**What to do**. Everything in the data except the pictures belongs in your answer, copied exactly.

**Supplied data**.
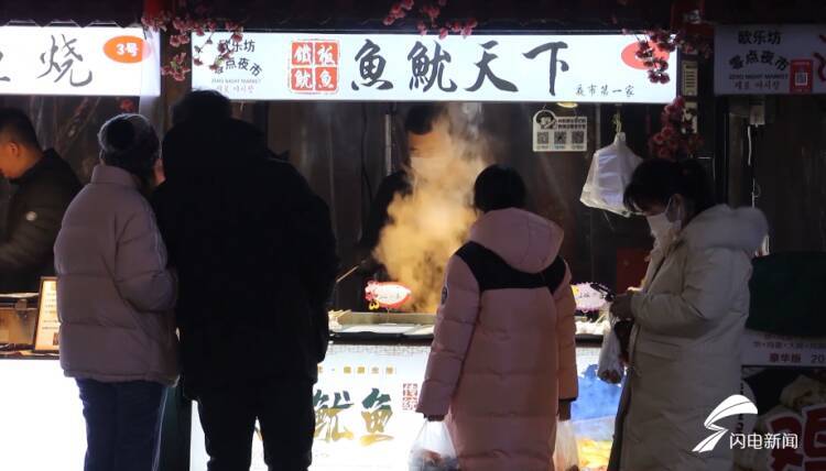 “来看一下章鱼小丸子、鸡翅包饭,刚出锅的章鱼小丸子……”在威海高新区欧乐坊零点夜市,商户张秀娟正热情推销自己的小吃,扑鼻的香味儿,诱人的色泽,吸引不少市民驻足购买。“这两天夜市的人比平时或者年前多很多,生意也好多了,营业额比年前当然也多一些。新的一年,我也希望我的营业额越来越高。”
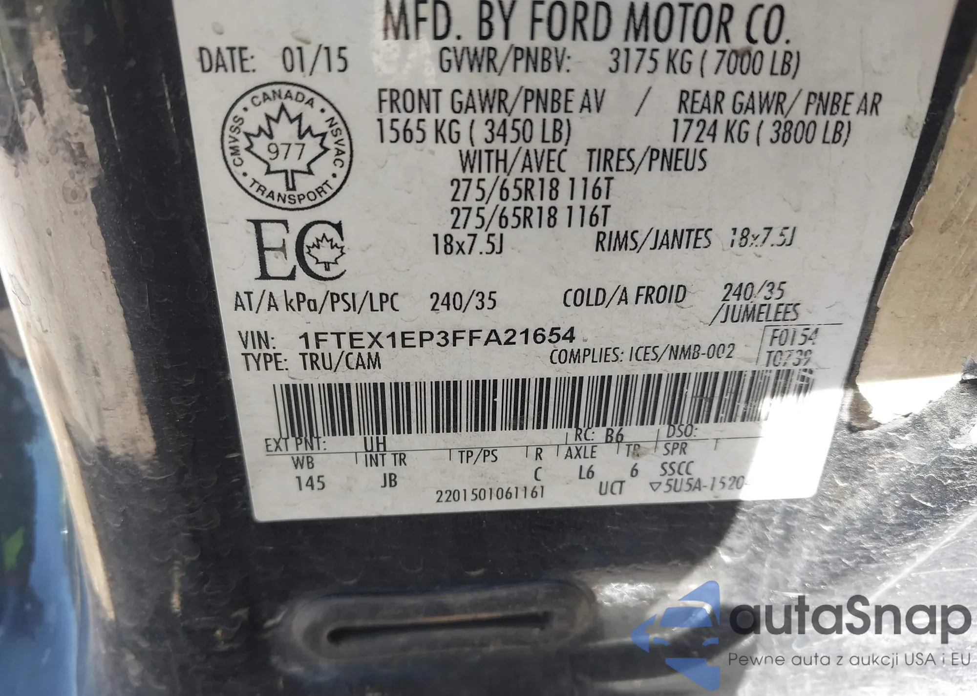 LOT: 42915991 VIN: 1FTEX1EP3FFA21654
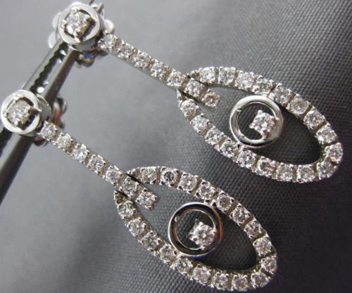 ESTATE .95CT DIAMOND 18KT WHITE GOLD OVAL PAVE FILIGREE HANGING EARRINGS #14819
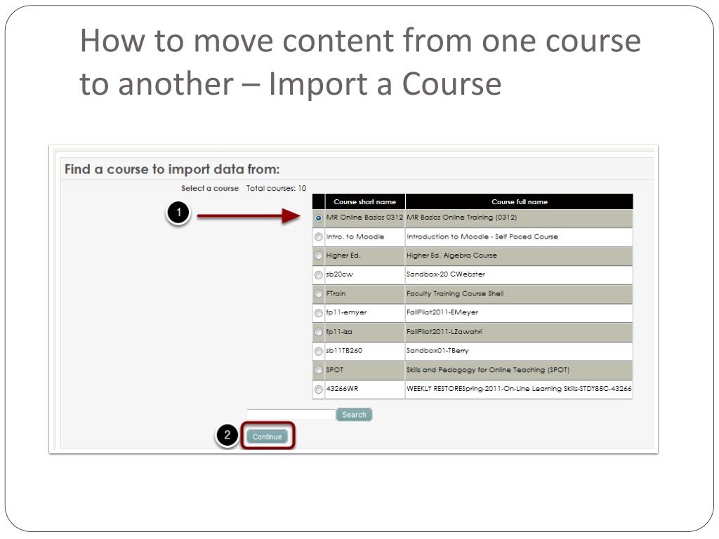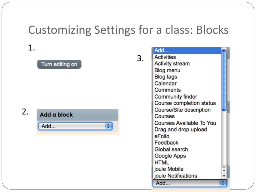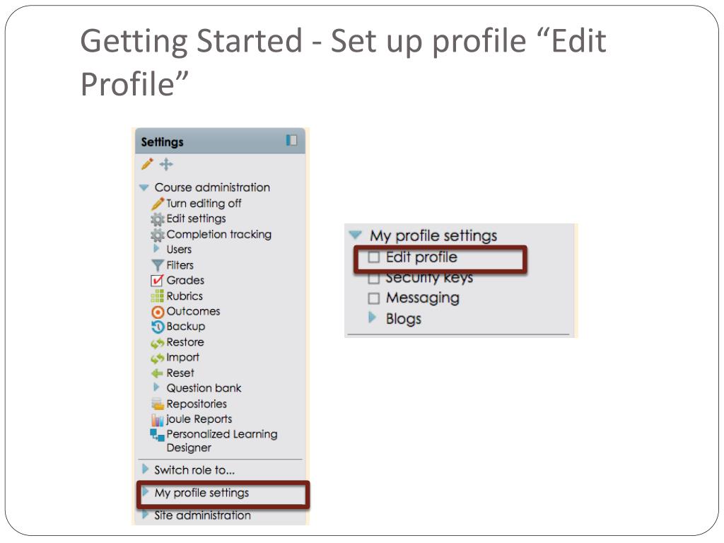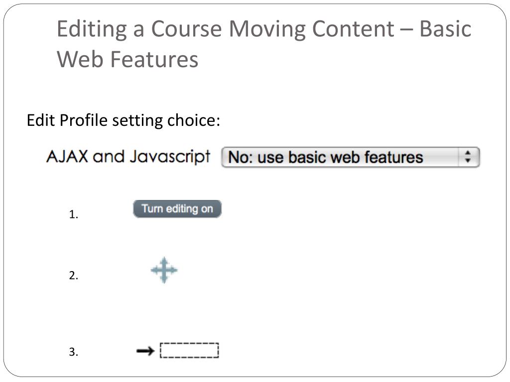 Editing a Course Moving Content – Basic Web Features Edit Profile setting choice: 1. 2. 3.

**Solved exercise**.
 “来看一下章鱼小丸子、鸡翅包饭,刚出锅的章鱼小丸子……”在威海高新区欧乐坊零点夜市,商户张秀娟正热情推销自己的小吃,扑鼻的香味儿,诱人的色泽,吸引不少市民驻足购买。“这两天夜市的人比平时或者年前多很多,生意也好多了,营业额比年前当然也多一些。新的一年,我也希望我的营业额越来越高。”
 LOT: 42915991 VIN: 1FTEX1EP3FFA21654
 ESTATE .95CT DIAMOND 18KT WHITE GOLD OVAL PAVE FILIGREE HANGING EARRINGS #14819
 Editing a Course Moving Content – Basic Web Features Edit Profile setting choice: 1. 2. 3.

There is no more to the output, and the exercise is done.